## Work instruction
Your task is to restate word for word the lines in the material below, from the one with "She's stacking and" up to and including the one with "本体前はレーヨン/ナイロンの". Do not carry over the pictures.
Data for this exercise section start
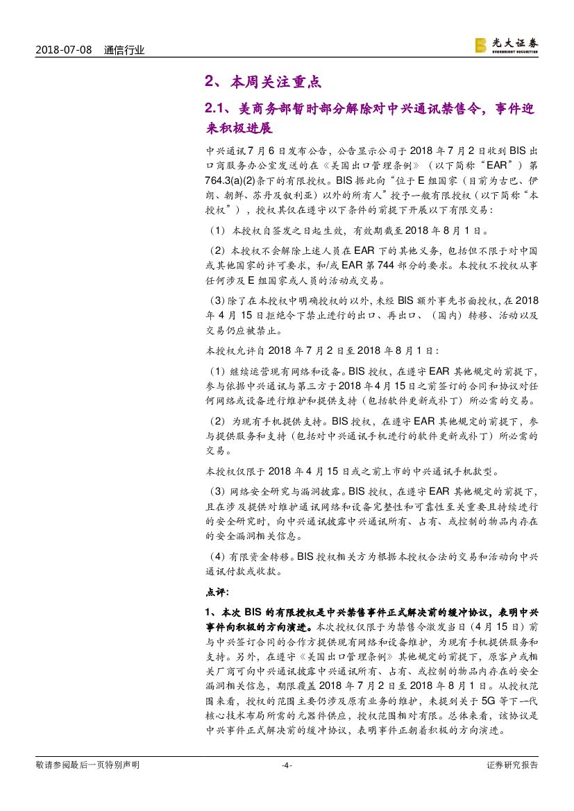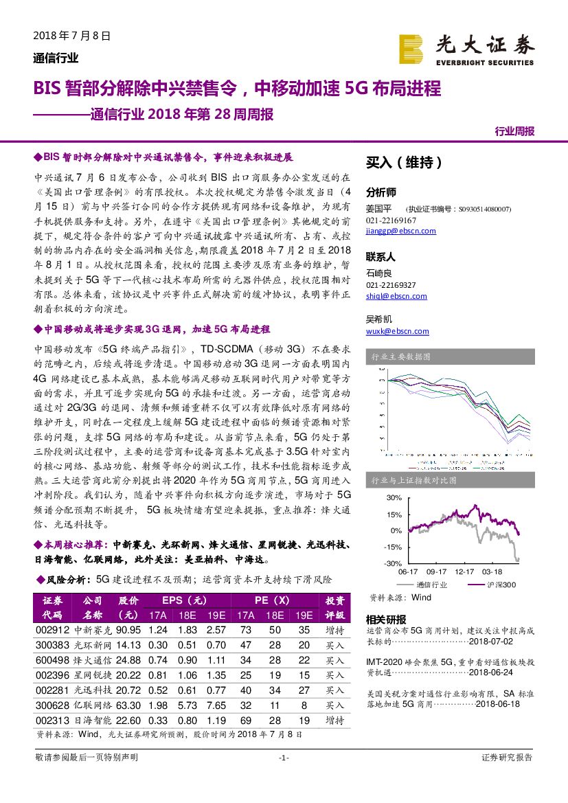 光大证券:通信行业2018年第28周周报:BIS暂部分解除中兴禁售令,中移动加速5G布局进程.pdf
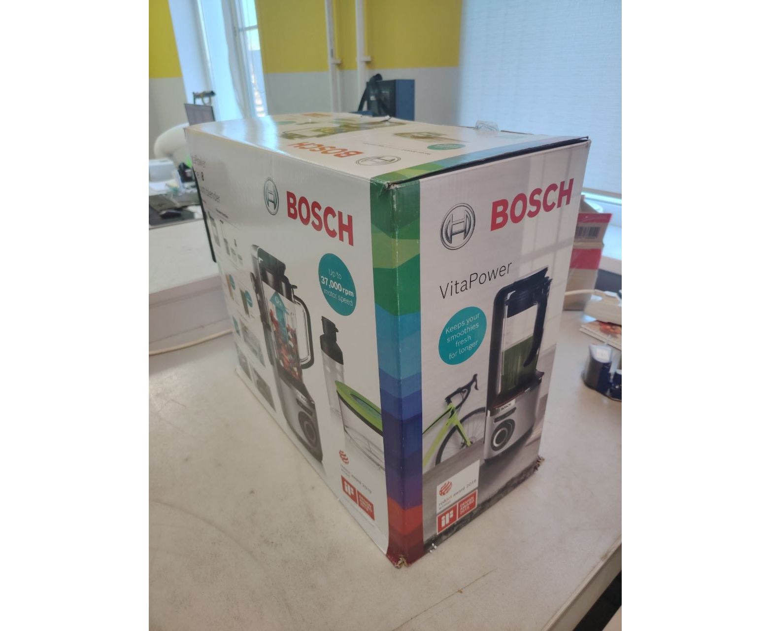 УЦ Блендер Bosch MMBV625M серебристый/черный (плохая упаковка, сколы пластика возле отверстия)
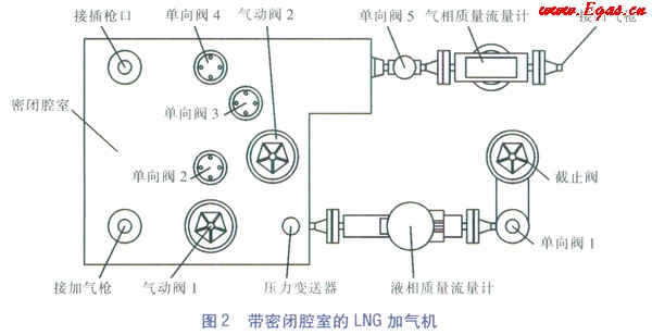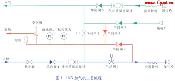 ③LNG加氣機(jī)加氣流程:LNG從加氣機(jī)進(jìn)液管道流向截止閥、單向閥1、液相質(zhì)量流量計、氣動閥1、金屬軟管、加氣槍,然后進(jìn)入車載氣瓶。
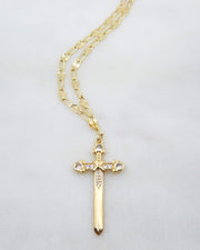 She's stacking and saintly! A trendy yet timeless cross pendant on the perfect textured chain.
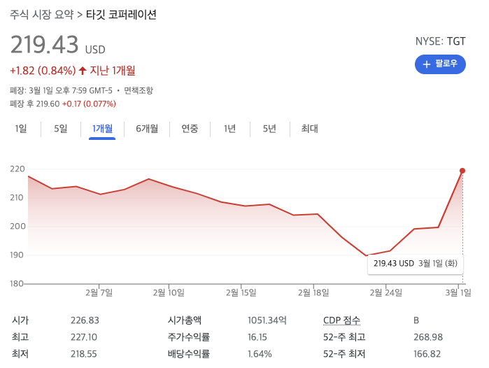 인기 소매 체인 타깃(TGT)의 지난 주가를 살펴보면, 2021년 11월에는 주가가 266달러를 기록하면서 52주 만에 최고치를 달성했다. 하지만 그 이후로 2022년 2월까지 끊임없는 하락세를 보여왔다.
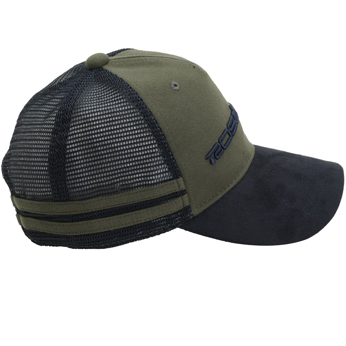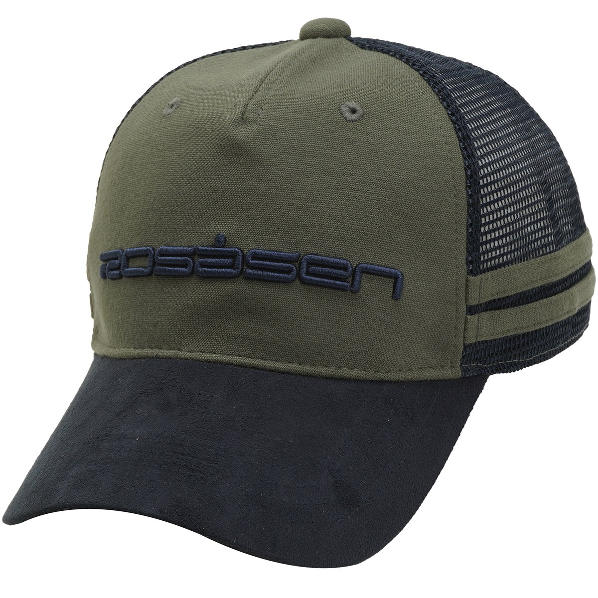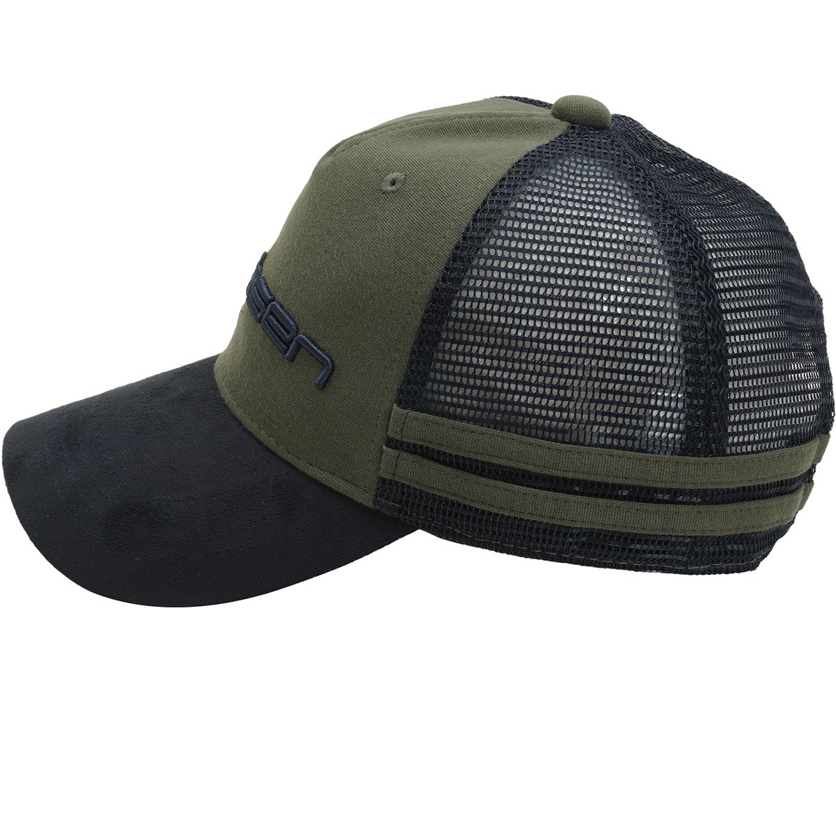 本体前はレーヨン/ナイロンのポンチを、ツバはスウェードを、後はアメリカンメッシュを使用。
Data for this exercise section end
Data for this exercise section start
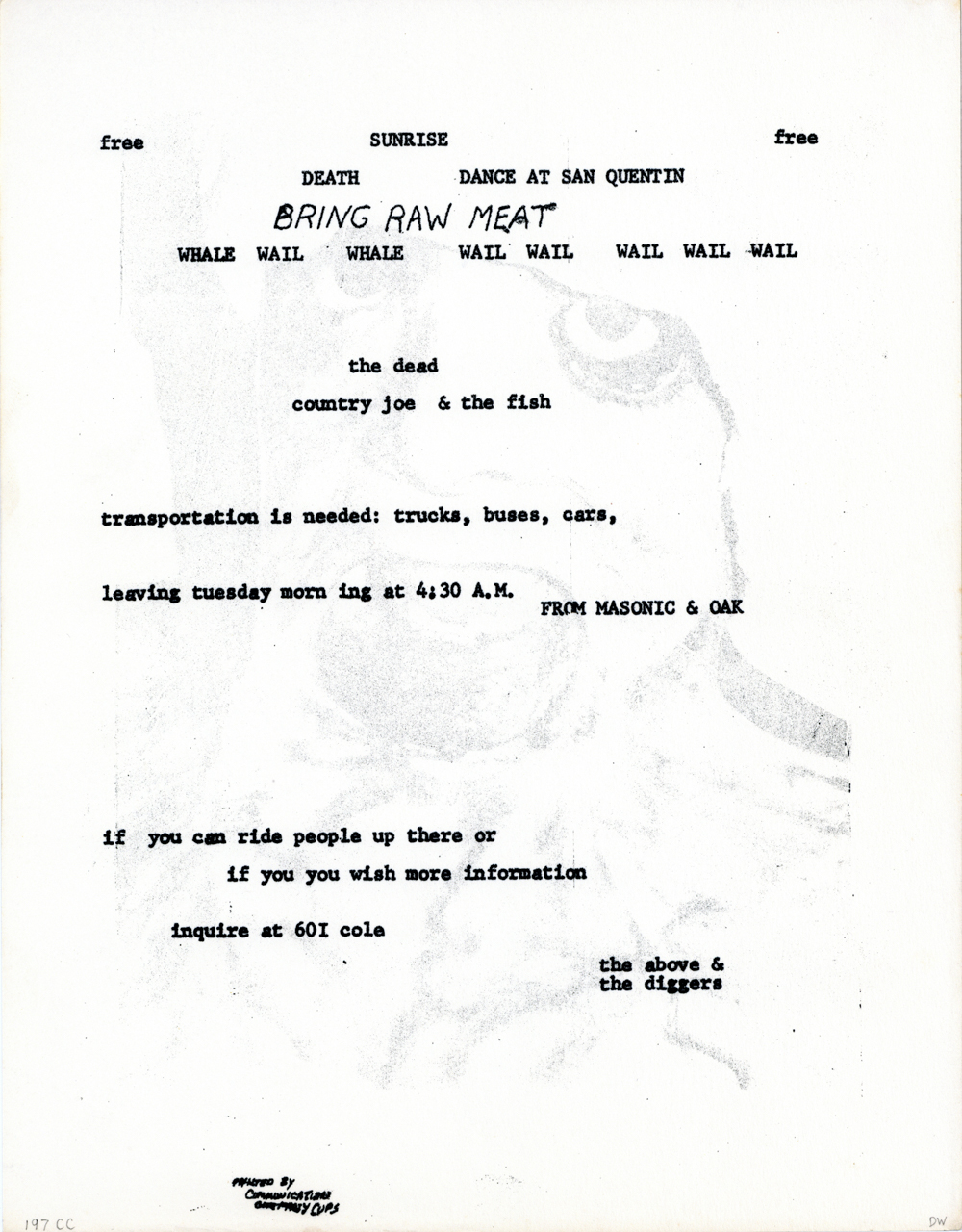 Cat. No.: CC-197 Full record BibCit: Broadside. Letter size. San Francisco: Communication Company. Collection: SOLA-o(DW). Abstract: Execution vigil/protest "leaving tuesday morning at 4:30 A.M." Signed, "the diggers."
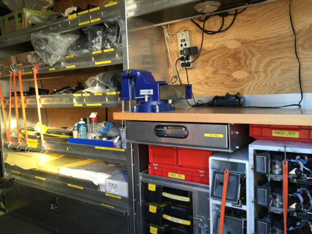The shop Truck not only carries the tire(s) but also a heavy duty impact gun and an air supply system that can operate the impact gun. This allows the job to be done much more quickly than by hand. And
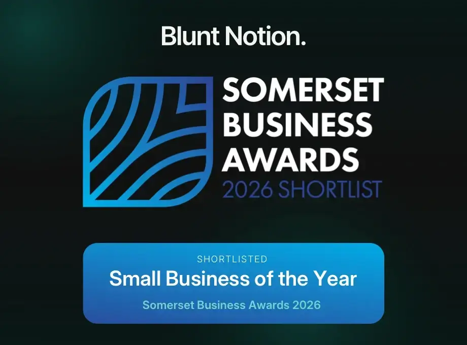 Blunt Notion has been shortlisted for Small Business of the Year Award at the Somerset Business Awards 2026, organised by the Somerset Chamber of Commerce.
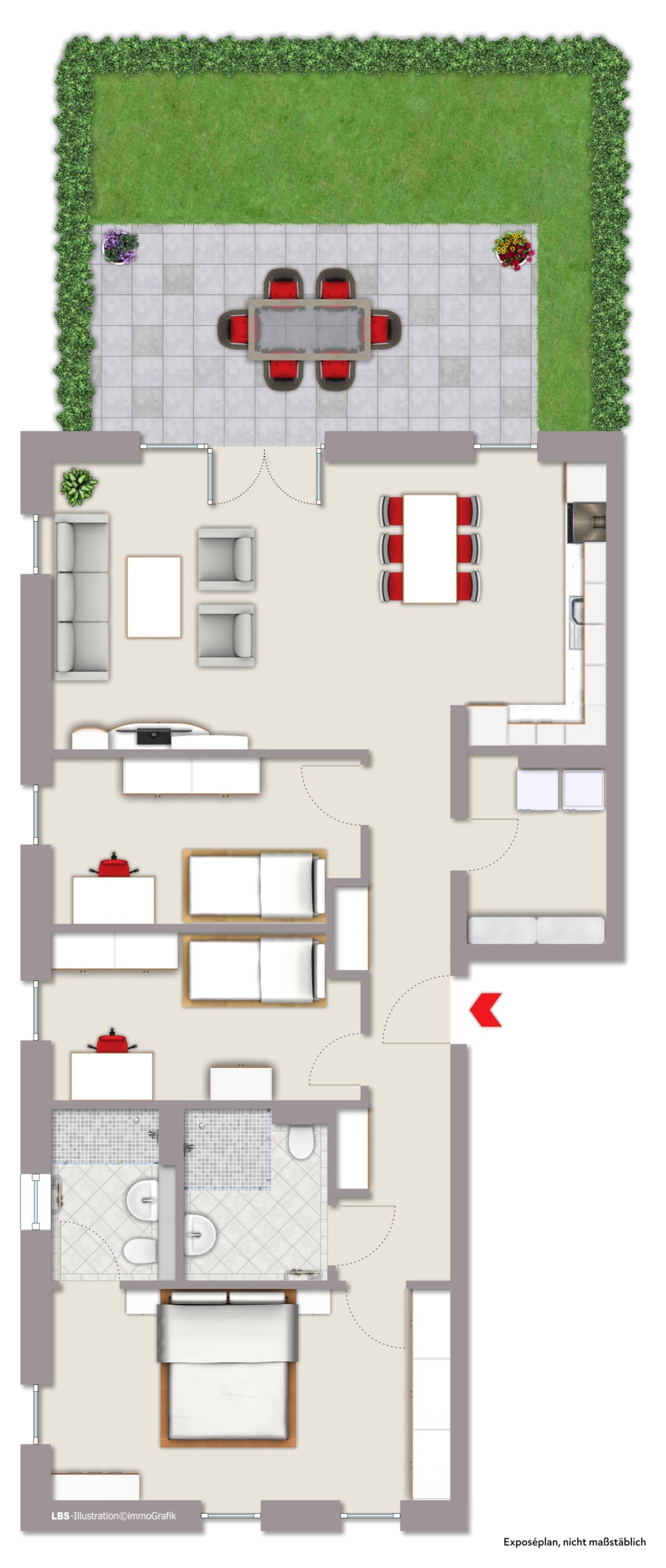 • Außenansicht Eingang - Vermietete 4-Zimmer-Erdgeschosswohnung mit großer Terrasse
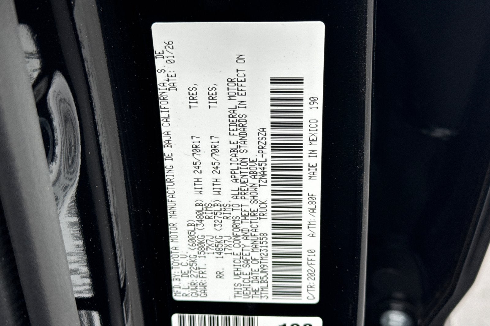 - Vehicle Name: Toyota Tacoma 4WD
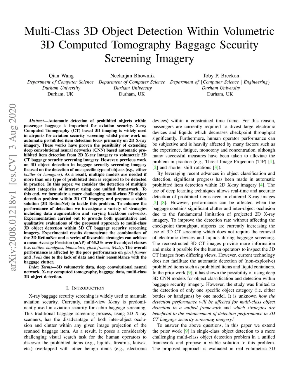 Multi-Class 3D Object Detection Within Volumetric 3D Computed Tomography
Data for this exercise section end
Data for this exercise section start
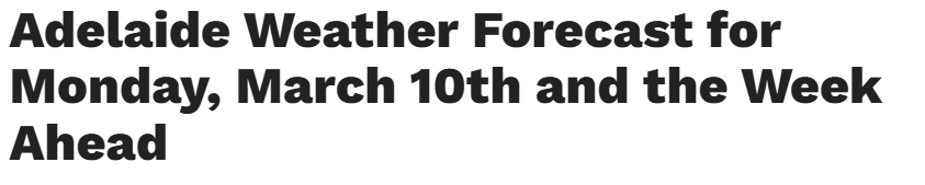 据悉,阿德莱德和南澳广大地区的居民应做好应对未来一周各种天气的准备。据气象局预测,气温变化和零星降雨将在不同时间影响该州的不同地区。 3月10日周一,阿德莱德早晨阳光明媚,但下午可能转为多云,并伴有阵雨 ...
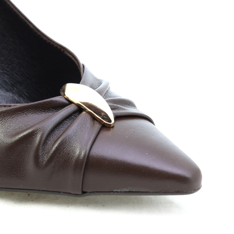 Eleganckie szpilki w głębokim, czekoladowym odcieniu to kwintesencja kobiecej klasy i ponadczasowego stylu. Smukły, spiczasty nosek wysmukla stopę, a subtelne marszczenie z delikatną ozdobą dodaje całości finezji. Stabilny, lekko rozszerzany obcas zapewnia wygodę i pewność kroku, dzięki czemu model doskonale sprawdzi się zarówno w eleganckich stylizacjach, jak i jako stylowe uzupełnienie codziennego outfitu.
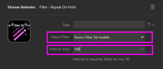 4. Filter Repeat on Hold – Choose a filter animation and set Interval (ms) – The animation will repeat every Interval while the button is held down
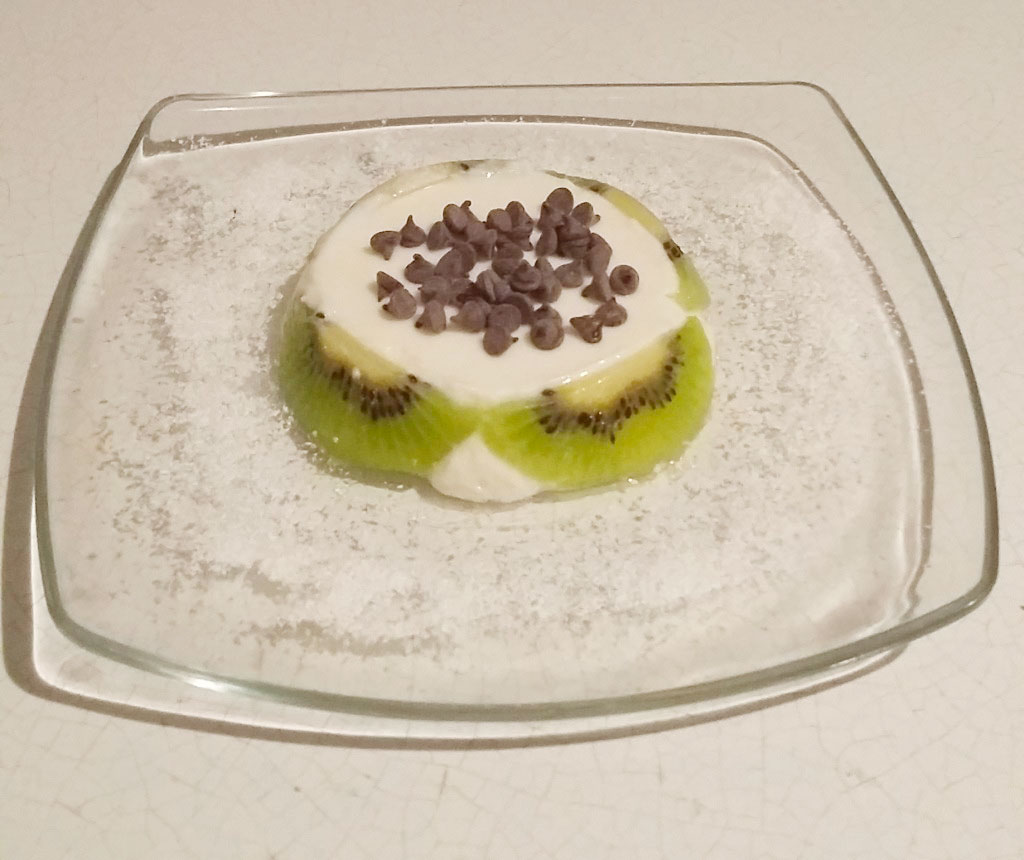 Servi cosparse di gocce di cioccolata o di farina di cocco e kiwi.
Data for this exercise section end
## Exercise output
 She's stacking and saintly! A trendy yet timeless cross pendant on the perfect textured chain.
 인기 소매 체인 타깃(TGT)의 지난 주가를 살펴보면, 2021년 11월에는 주가가 266달러를 기록하면서 52주 만에 최고치를 달성했다. 하지만 그 이후로 2022년 2월까지 끊임없는 하락세를 보여왔다.
 本体前はレーヨン/ナイロンのポンチを、ツバはスウェードを、後はアメリカンメッシュを使用。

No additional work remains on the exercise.